Hollanda’da 3000’in üzerinde dernek olduğunu öğrendim. Bu derneklerin ne kadarı misyonunu yerine getirebiliyor? Biz de yeniden bir dernek olarak ortaya çıkıyoruz. Aslında yeni bir dernek olmasak da yeniden faaliyetlerine başlayan bir derneğiz. Şimdi, beklediğimizin üzerinde bir katılım var ve bu katılım gerçekten heyecan verici. Bir merak ve şevk ile geldik; şimdi içinizden diyorsunuzdur; “ne yapacaklar?” diye, ama bu soruyu ben kendimize söyle sormamız gerektiğine inanıyorum: “Ne yapacaklar değil de ne yapabiliriz?” O yüzden ben burada bulunan tüm girişimci arkadaşlardan, bu oluşuma destek vermelerini önemle rica ediyorum.

Malumunuz iktisatta “fırsat maliyeti” diye bir kavram vardır. Şöyle ki; zamanınızı bugün burada harcıyorsak, bittabi bunun bir karşılığı olması gerekiyor. Zaman herkes için değerlidir. Bu yüzden buraya geldik ki bir şeyler yapılsın istiyoruz. Ama bu nasıl olmalı? Bu sorunun cevabını hep birlikte aramalıyız. Onun için kolektif çalışmalıyız.

Diğer topluluklardan ve olmuşlardan farklı olarak iş yapacağız ve karşılığında sponsor bulacağız. Kaynağımız var pazarımız var. Doğal olarak kazanç modelleri oluşturacağız. Potansiyelimizi Hollanda’daki kurumlara ve Hollandalı şirketlere göstereceğiz. Kolektif hareket edeceğiz. Ortak alımlar yapacağız. Örneğin; bir araba markası ile anlaşabiliriz; alımlarımızı kolektif yaparsak bize her türlü fayda sağlayacaktır. Markayı faaliyetlerimiz için sponsora dönüştürebiliriz.
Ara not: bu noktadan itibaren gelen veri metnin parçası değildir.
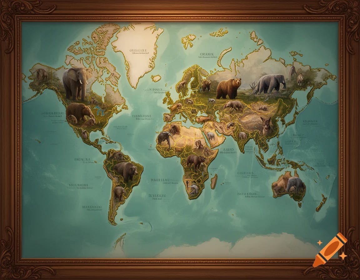 The Craiyon result was full of elephants. The Canadian breed, Australian and Siberian. The Chinese kangaroo (?) and the western US hippo (?) are also nice touches as is the fancy frame.
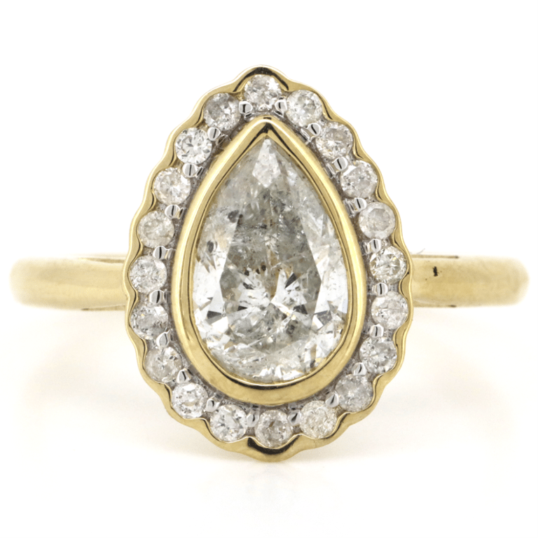 The Centre Features, One Pear Modified Brilliant Cut, Diamond (1.53Ct, K-L (Off-White) Colour, Si2-P1 Clarity), Bezel Set. Surrounding The Centre In A Halo Are, 20 Round Brilliant Cut, Diamonds (0.30Ct Tdw, G-H Colour, Si1-Si2 Clarity), Bead Set. Ring Size O 1/2.

Yeter ki bir sinerji ve kolektif çalışma oluşturup girişimcilerimizin problemlerine çözümler getirelim. Çoğumuz bu işin okuluna gitmedik; dedelerimizden, babalarımızdan bir miras kalmadı. Şirketler; diğer bir deyişle dişimizle tırnağımızla girdiğimiz bu ticareti, işin içinde öğrendik, öğreniyoruz. Başarıya ulaşan bir çok arkadaşımız sıfırdan, hatta sıfırın altında başlamışlar ve en dibi görmüşlerdir; bir kaç kez iflas etmiş olanlarımız var olsa bile, daha sonrasında başarıyı yakalamışlardır. Kısaca, tecrübe kazanmışlar ve Hollandalıların bile gıpta ile baktıkları şirketler hâline gelmişlerdir. Biz tam da burada bunu istiyoruz ki bu tecrübeler paylaşılsın, başka girişimci arkadaşlarımız da bu tecrübelerden faydalansın.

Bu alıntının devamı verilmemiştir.